This may be one of the most difficult, painful and important times in the history of our country. On top of dealing with an unprecedented pandemic, we are seeing people across this country speak out, shout out, protest, grieve and rage against yet another unjustified death of a black man at the hands of those who took a vow to serve and protect.
George Floyd’s murder is creating a sea change like we’ve never seen before. I’ve asked Tamara Lundi, Interim President for UMass Memorial Community Healthlink, to be our guest blogger. She would like to share a message she sent to her staff at Community Healthlink after George Floyd’s death. Of all the statements I’ve read since his death, this is the one that moved me the most.
Tamara Lundi, Interim President for UMass Memorial Community Healthlink: For days now, I have pondered on how I would start this message to all of you. Even at this moment, the thought of “releasing a statement” about yet another unjust killing of an unarmed black man and sharing our “prayers and condolences” is something I have dreaded. But here we are … again.

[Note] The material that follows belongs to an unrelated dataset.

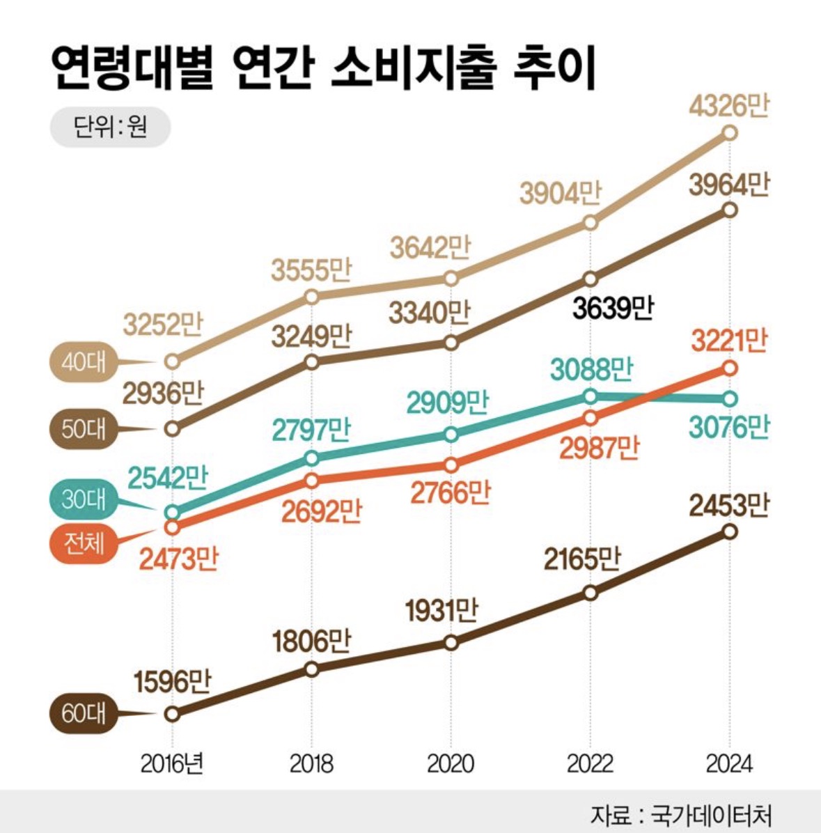 연령대별로 봐도 비슷한 흐름이다. 2016년 대비 2024년 소비지출 증가율은 30대(21.0%)보다 50대(35.0%), 60대(53.7%)에서 더 가파르다. 은퇴 이후에도 소비는 줄지 않고 오히려 생활비 성격의 지출이 고착화되고 있는 것이다.

As the current leader of this organization, it is my responsibility to speak to you all on the behalf of this agency and our stance against racism and oppression. Community Healthlink is an organization that stands for equality, justice, and the betterment of the lives of those who are marginalized in mainstream society. Every day we work to be the voice of those whose voices go unheard due to negative stereotypes, discrimination and stigma. We are a team of caregivers who serve the underserved, reach the unreachable, and remember those who society oftentimes forgets.
As an African-American woman, it is my responsibility to speak to you from my perspective as a member of the black and brown community. I remain strongly committed to all of our caregivers and clients. To those of you from our black and brown communities, know that your lives do matter. The essence of who you are does matter. Your existence and contributions to our team and to this world do matter. I stand in strong solidarity with those who stand for justice and the healing of our nation. You matter to me.
I get that this statement will be grouped with all of the other statements being issued and my prayers and condolences will take their place with everyone else’s. To be honest, personally, I feel like the significance of those words, at this point, are like the air that George Floyd pleaded to breathe- lost.
But what I hope is not lost, is hope itself. My hope, while at times just a small glimmer, is that we will stop having to issue statements and stop having to share our thoughts and regrets and that we will instead, be the change and not just talk about what needs to change.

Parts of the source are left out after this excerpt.